*SUPPLIED DATA*:

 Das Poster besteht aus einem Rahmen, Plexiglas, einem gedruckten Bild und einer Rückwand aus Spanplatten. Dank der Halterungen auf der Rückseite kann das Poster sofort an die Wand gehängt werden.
--
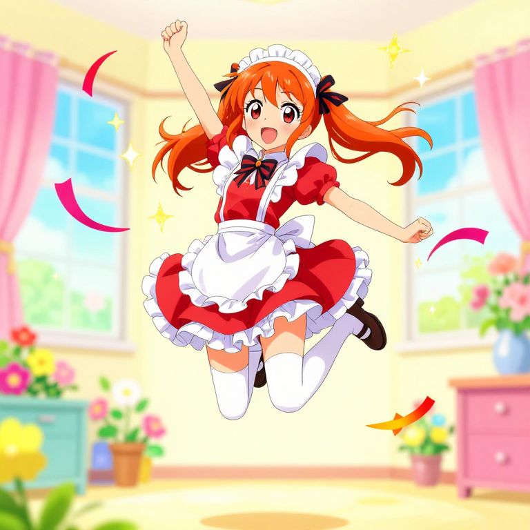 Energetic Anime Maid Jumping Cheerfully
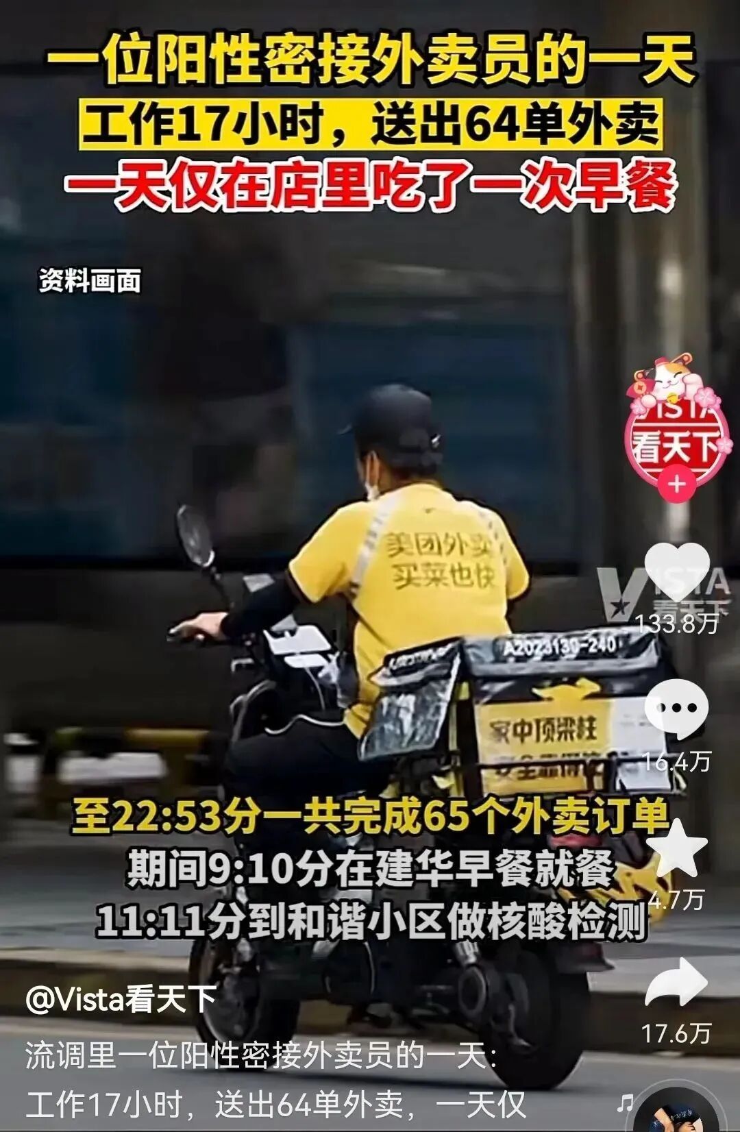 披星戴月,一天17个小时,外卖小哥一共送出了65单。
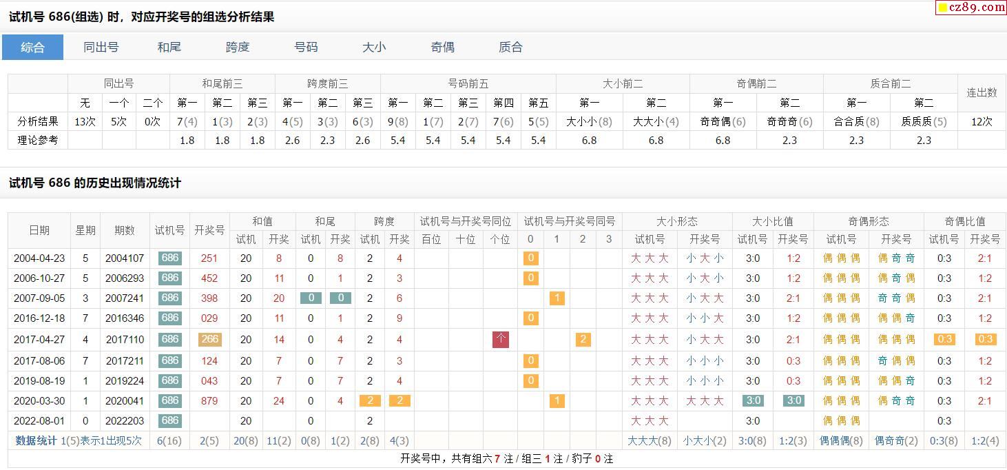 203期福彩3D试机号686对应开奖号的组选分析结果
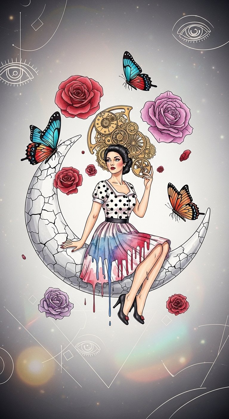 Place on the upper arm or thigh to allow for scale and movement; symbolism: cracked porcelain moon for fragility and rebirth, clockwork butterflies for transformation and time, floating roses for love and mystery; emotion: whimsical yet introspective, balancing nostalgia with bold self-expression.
--
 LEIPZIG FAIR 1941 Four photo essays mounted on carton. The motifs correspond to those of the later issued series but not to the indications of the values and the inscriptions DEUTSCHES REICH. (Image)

*EXERCISE INSTRUCTIONS*: Would you output only the span of the records above that opens with the line containing "披星戴月,一天17个小时,外卖小哥一共送出了65单。" and closes with the line containing "Place on the", ends included and pictures dropped?

*TASK RESULT*:
 披星戴月,一天17个小时,外卖小哥一共送出了65单。
 203期福彩3D试机号686对应开奖号的组选分析结果
 Place on the upper arm or thigh to allow for scale and movement; symbolism: cracked porcelain moon for fragility and rebirth, clockwork butterflies for transformation and time, floating roses for love and mystery; emotion: whimsical yet introspective, balancing nostalgia with bold self-expression.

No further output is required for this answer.